A slowly growing domestic economy is now exposed to the cruel blows of fiscal restraint. The resolution of the U.S. cliff will provide about $700 billion of fiscal drag in the next decade. With the payroll tax holiday expiring on Dec. 31, 2012, about $100 billion-$125 billion will be deducted from aggregate disposable income in 2013. Some states (notably California) instituted a large retroactive income tax increase (let's call it the Phil Mickelson Tax).
Finally, tax increases to finance the Affordable Care Act also went into effect on Jan. 1, 2013. All of these amounts to a fiscal drag of more than 2% of GDP spread over the next 12 to 18 months. Unfortunately, there is more drag ahead, reflecting the Budget Control Act of 2011, which dictates about $110 billion a year of sequestration over the next decade if Congress cannot agree on spending restraints.

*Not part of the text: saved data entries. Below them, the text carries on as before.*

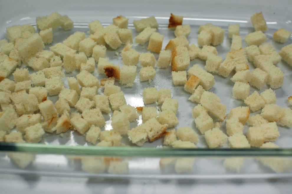 1. Place 3 slices of the cubed bread into a greased 9 x 13 inch casserole dish.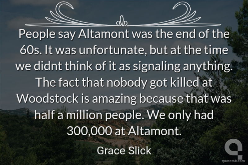 People say Altamont was the end of the 60s. It was unfortunate, but at the time we didnt think of it as signaling anything. The fact that nobody got killed at Woodstock is amazing because that was half a million people. We only had 300,000 at Altamont.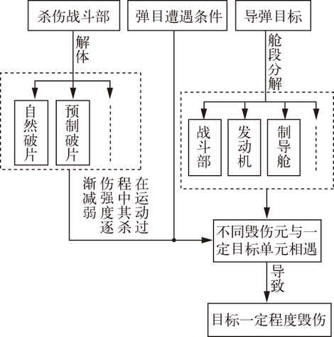 战斗部形成或释放的破片场对目标的毁伤作用。破片命中目标时具有侵彻或穿透作用,可破坏目标结构、削弱目标强度,速度足够高的破片还具有引爆、引燃作用。破片杀伤战斗部适于对付有生力量、轻装甲或无装甲车辆、飞行器(固定翼飞机、直升机、导弹)、雷达、发射架等多类目标。 破片有自然破片、预制破片和预控破片三...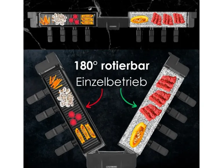 1.500 Watt LeistungMarmorplatte und Teflon beschichtete StahlplattePlatten separat betreibbar und 180° rotierbar8 antihaftbeschichtete Raclette-Pfannen100 cm fest integriertes NetzkabelPlatz für mehrere Personen
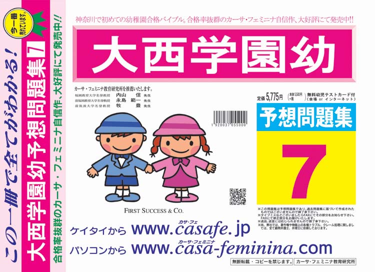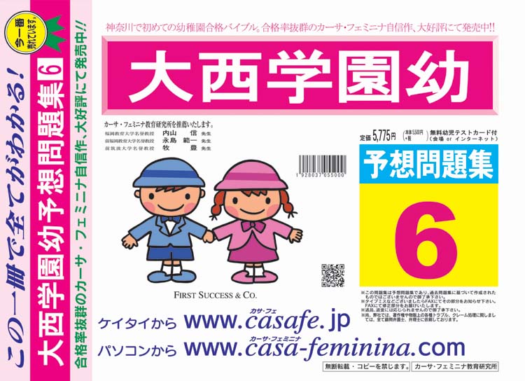 大西学園幼稚園 合格福袋セット 2割引(最新の過去問題集1冊[HPにある過去問のうちの最新]+親の過去問合格セット5冊+分野別過去問1~6)

Of course, there is a chance that addressing the budget will again be kicked down the road. In theory, policymakers could relieve the aforementioned fiscal drag by repealing or ignoring the Budget Control Act, but this would have other, unintended consequences to the fixed-income markets. As well, entitlement reform (which is long-term in nature) could be agreed to, eliminating the need for a sequester, but the growing animosity in Washington will likely preclude this from occurring.

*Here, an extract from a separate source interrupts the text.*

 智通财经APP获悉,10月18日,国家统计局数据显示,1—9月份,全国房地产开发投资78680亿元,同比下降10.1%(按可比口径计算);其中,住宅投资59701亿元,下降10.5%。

There is also the chance that the private sector will recover rapidly enough to offset the fiscal drag. On that score I remain skeptical, as the recent regional PMIs indicate 2013 started with a manufacturing slowdown. Meanwhile, macro deleveraging is still incomplete. Moreover, the consumer, facing tax headwinds, appears spent-up, not pent-up. Check out cautionary remarks
) in Women's Wear Daily
("a transtion year"), which suggests this morning's earnings release from the company could disappoint. And even the much-heralded housing recovery, despite its broad multiplier impact, seems too small a percentage of GDP (3%) to offset the other constrictive factors.
Expansive monetary policy, too, is likely no longer going to provide a tailwind to growth based on the recent distribution of the Fed minutes that the four-year asset purchase program could be coming to an end over the next 12 months.